Наконец пришли и за ней. На каталке, под суконным одеялом, коридором: свет – тьма – свет… Она вслушивалась изо всех сил: за которой дверью пискнет знакомый голосок? Куда сына унесли, спрятали?
Палата дохнула сонным теплом… Люба лежала в темноте, хотелось чаю. Горячего с молоком и сахаром. И кусок хлеба с маслом – кус-нуть! И запить. Пересохло во рту. На месте живота, казалось, яма. До самого позвоночника. Тело всё ноет, ломит…
…Сына принесли на третьи сутки. Она, измученная горем разлуки, думала, что уж не принесут никогда. Как он-то пережил это время? Где и был, чем кормили?
Он вцепился в нестерпимо нагрубшую грудь, как собачонка, и сосал, глядя широко открытыми, огромными глазами, тёмно-серыми, чудными. Чистенький, бело-розовый, туго запелёнатый, на головке – косынка…
Засыпая, смежил веки. Люба уложила его на подушку, легла рядом, стараясь не думать, что скоро – опять заберут. В палате было полно мам с младенцами, но Любе казалось, что никого рядом нет. Никого нет в мире, кроме них с сыном. Вокруг – невидимая капсула, замыкающая железную кровать, батарею, завешанную одеялом, окно, за которым сгущается мартовский вечер… Ощущение полного покоя, дома, защищённости и блаженства царили в её сердце.

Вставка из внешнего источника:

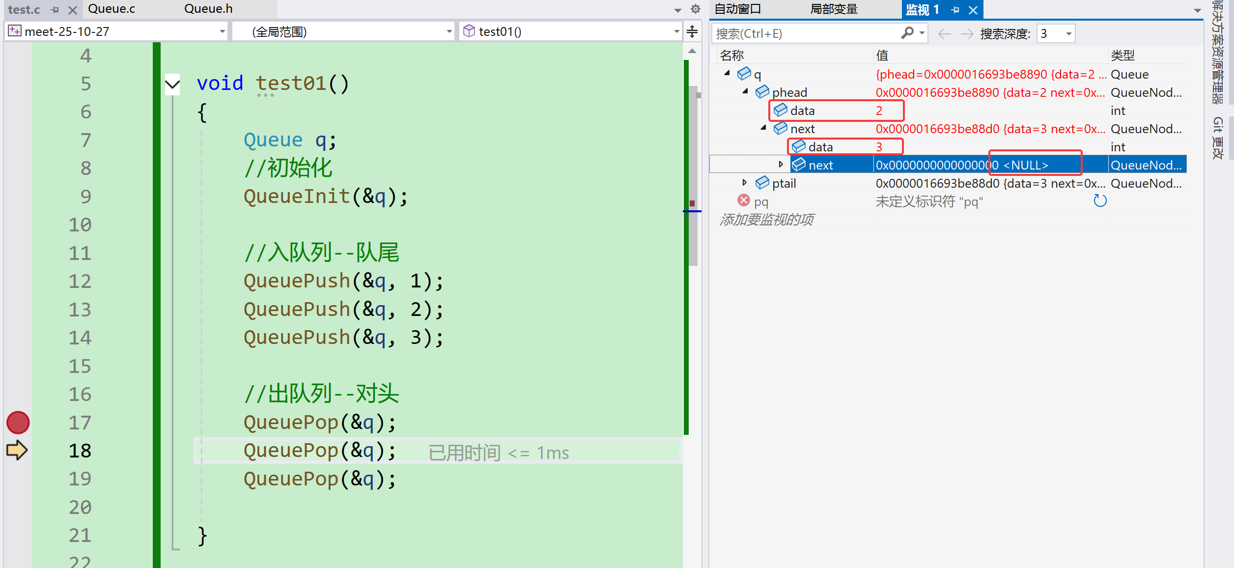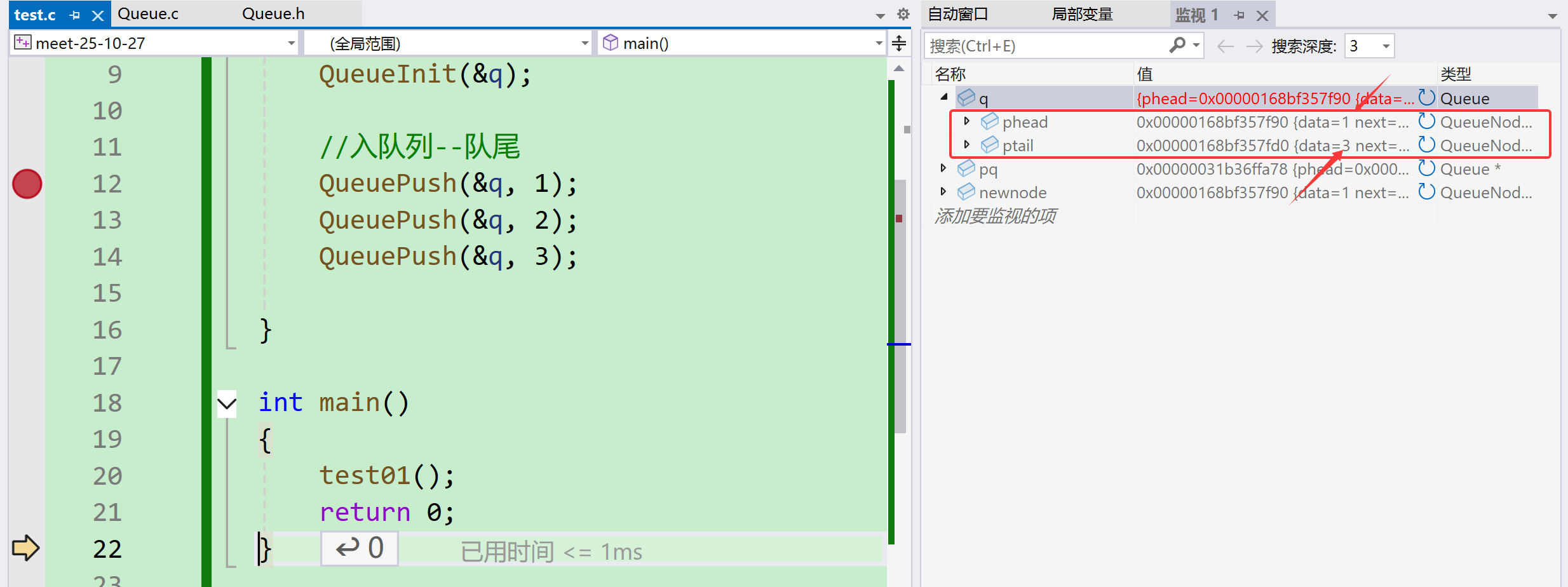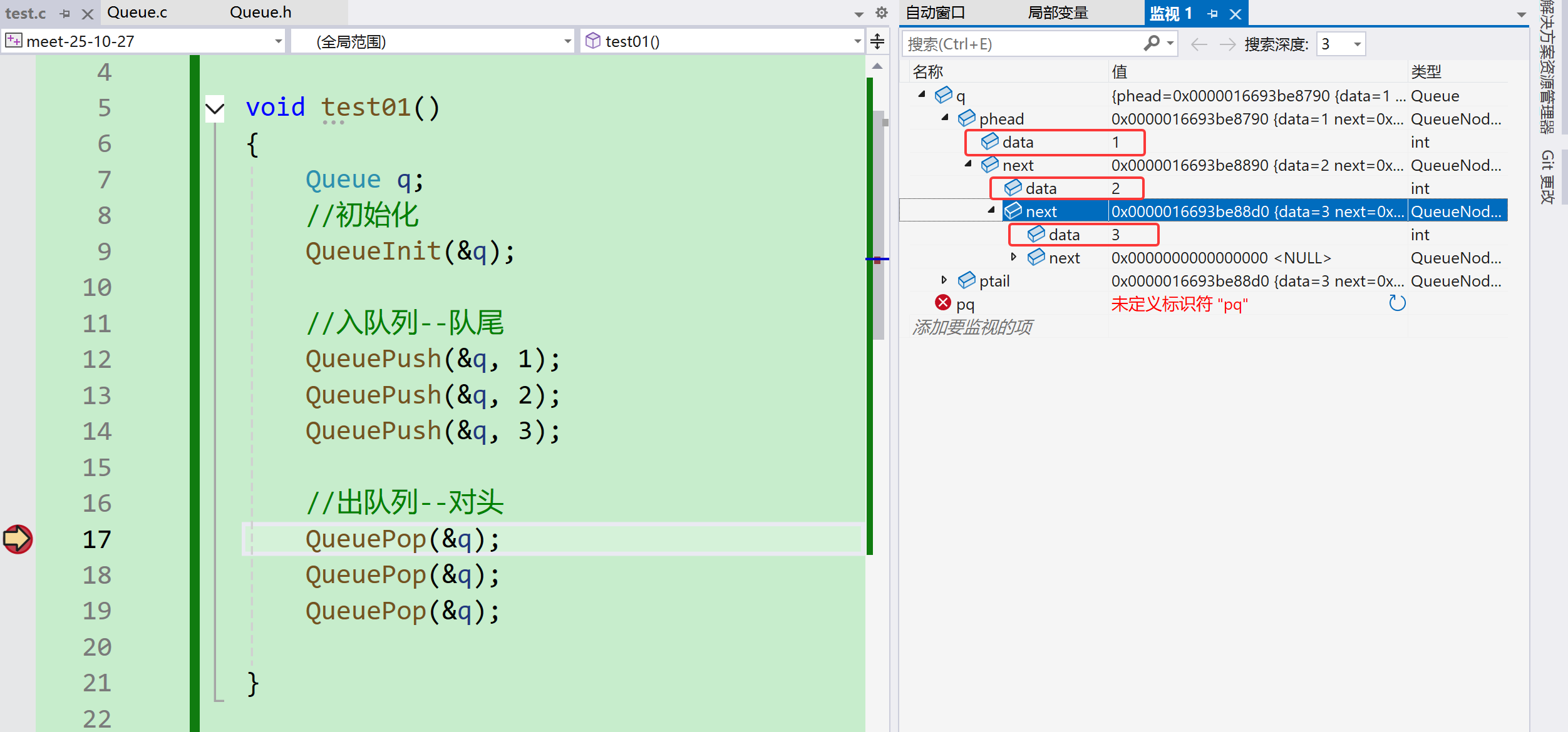 如图调试可得:对头为1,队尾为3,入队列成功。

Первое Пашино лето было полным гроз, стрекоз и одуванчиков. Люба раскидывала на верёвки разноцветные пелёнки, и ветер принимался играть ими. Пашка безмятежно спал в коляске. Солнечные пятна, пробравшись сквозь листву, прыгали по одеяльцу. Гул машин, голоса, скрип и бабаханье калитки не будили его. Младенцы крепко спят, а он к тому же почти ничего не слышал.
Таким в памяти Любы и осталось это лето: тёплым и разноцветным, как хлопающее на ветру детское бельё.
Был и Пашин отец в этих воспоминаниях. Всегда где-то на заднем плане, размытым пятном. Вечно в своих делах, разъездах, он проходил мимо таких грандиозных событий, как первый Пашин серебряный смех, уморительные рожицы, первое «Бу!», когда увидел рыжую корову за окном…
Люба старалась не только запоминать всё, что появлялось нового в их с сыном мире, но и записывать в толстой клеенчатой тетради.
«Паше – два месяца. Лежит, пыхтит и мяукает. Наговаривает: А-ай! Ы-ыы! Просится на руки».
«Смотрит во все глаза, широко раскрыв ротик. Так и улыбается, с открытым ртом. Радуется как! Машет ручонками, ножками двигает!».
«Четыре месяца. Научился смеяться! Переворачивается сам, но без особого желания. Очень любит погремушки. Смешно поёт-гудит. Мокрый – мурчит жалобно-жалобно. Если голодный, не кричит, а плачет горючими слезами…».
«Были на обследовании. Врачи говорят, что операцию можно провести через несколько лет. А пока побольше с ним разговаривать, слух есть, внутренние центры в порядке, а звук идёт по кости. Я не могу понять – как по кости? Он же слышит, когда я с ним разговариваю, только ротишко открывает, и смотрит внимательно-внимательно».
«Восемь месяцев. Научился стоять в кроватке. Подолгу стоит, а потом – бух – садится в подушку…».
«Два года и три месяца. Пашкин словарь. Хахар – сахар, хеб – хлеб, гость – гвоздь, пал, бух – упал, вавака – собака, луза – лужа, мококо – молоко, татана – сметана, топ-топ – ботинки, бабаха – рубаха, даданья – до свидания… И ещё всякая всячина…».